In 1969, President Richard M. Nixon assembled the first ever White House Conference on Food, Nutrition and Health. Its goals were to: devise better means for feeding America’s poor, its vulnerable, and its veterans; to improve nutrition education in schools and, to ensure that food remained “wholesome” amid the growing use of technology. That work, adjourned in 1971, was the last time the federal government holistically evaluated and addressed the state of American nutrition. 

 

This past October, however, U.S. Senators Cory Booker (D-NJ), Chairman of the U.S. Senate Agriculture Subcommittee on Food and Nutrition, Specialty Crops, Organics, and Research, and Mike Braun (R-IN), introduced a bipartisan, bicameral bill (H.R. 5724/S. 3064) to reconvene the conference after its 50-year hiatus. It will gather a 25-person committee of specialists from an array of disciplines, including farmers, ranchers, healthcare professionals, food industry experts, members of the Senate and House of Representatives, as well as members from specialty groups like the Committee on Health, Education, Labor, and Pensions of the Senate and the Committee on Agriculture, Nutrition, and Forestry of the Senate. Senator Braun says the “conference on food, nutrition, and health [will] help reach nutrition goals in the most efficient way possible” by consolidating federal policies, currently scattered across 21 separate agencies. He and Senator Booker believe a comprehensive assessment of the challenges facing America’s food system can help develop specific solutions for the most pressing issues, identified in the bill as:

  • food insecurity (limited or uncertain access to adequate food),
  • nutrition insecurity (limited or uncertain access to nourishing foods that provide more than just calories),
  • rising rates of preventable diet-related diseases in which proper nutrition plays a key role,
  • the unequal distribution of these illnesses across different groups of Americans (racially, ethnically, economically, and geographically),
  • the exacerbatory effect COVID-19 has had on diet-related diseases, and
  • the large financial burden that aggregates as a consequence of these issues.

 

Lawmakers see solving these matters to be well within the federal government’s budget and abilities, but current statistics point to it being an uphill battle. The Economic Research Service, a data-collection arm of the Department of Agriculture, reported that in 2020 over 38 million people lived in food-insecure households, with children accounting for almost one third of inhabitants. Data for 2021 has not yet been reported, but the complications of Covid-19 are projected to have increased these numbers to an estimated 42 million at risk. What’s more, Black, Brown, and Indigenous communities are disproportionately more likely to experience food insecurity, representing up to twice as many households as the 11.1% national average.
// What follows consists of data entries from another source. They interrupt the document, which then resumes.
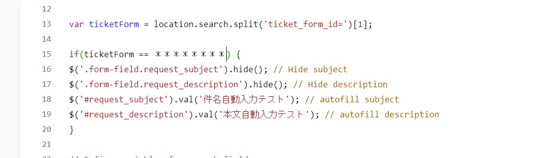 チケットフォームの必須項目を非表示にしたが、他の項目(必須フィールド)を空白で送信した場合、非表示項目が再表示され、【空白にできません】と出てしまう。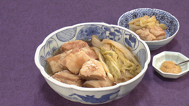 角煮の煮汁で白菜を煮ると、白菜から水分が出ることでやさしい味になります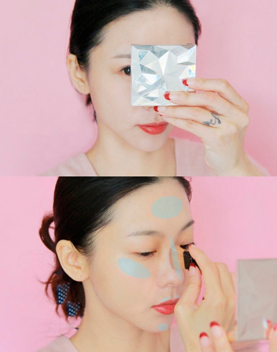 在定妆蜜粉后用高光粉提亮,这样可以能跟好的用高光粉的细腻珠光打造完美肤质。高光粉打造的区域已经标示出来了,用的是CPB当年大火的高光。

A closer look at the data suggests such disparities are defined by more than race—rural counties in the US constitute almost 90% of places where consistent access to enough food is an uncertainty. 

 

“There is no reason that millions of Americans in rural and urban areas alike should be going to sleep hungry, not knowing where their next meal will come from, or with poor nutrition.”
— Senator Mike Braun

 

The matter of nutrition insecurity entangles itself in these numbers because government-subsidized, less expensive foods are also of lower nutritional quality and, subsequently, are purchased in higher volume and frequency. This has contributed to a 12% rise in obesity in the last 20 years, as well as a rise in Type-2 Diabetes, estimated to cost the US government and insurance companies hundreds of billions of dollars every year. The American Diabetes Association suggests a combined price tag of $327 billion for diabetes-related medical expenses and loss of productivity in 2017, alone.   

 

The Conference has also set its sight on achieving a triumvirate of bold targets, namely to put an end to hunger in the United States by 2030, to reduce nutrition insecurity by 50% in under three years (2025), and to cut diet-related illnesses in half by 2030. The goals are ambitious but signal an important trend in legislation towards systemic change. Supporters of the bill, like Dr. Dariush Mozaffarian, Dean of the Friedman School of Nutrition Science & Policy at Tufts University, agree and believe this conference “will be critical to re-imagine and re-design our food system toward one that improves health, ends hunger, reduces healthcare spending, advances science and innovation, and boosts our economy for all Americans.”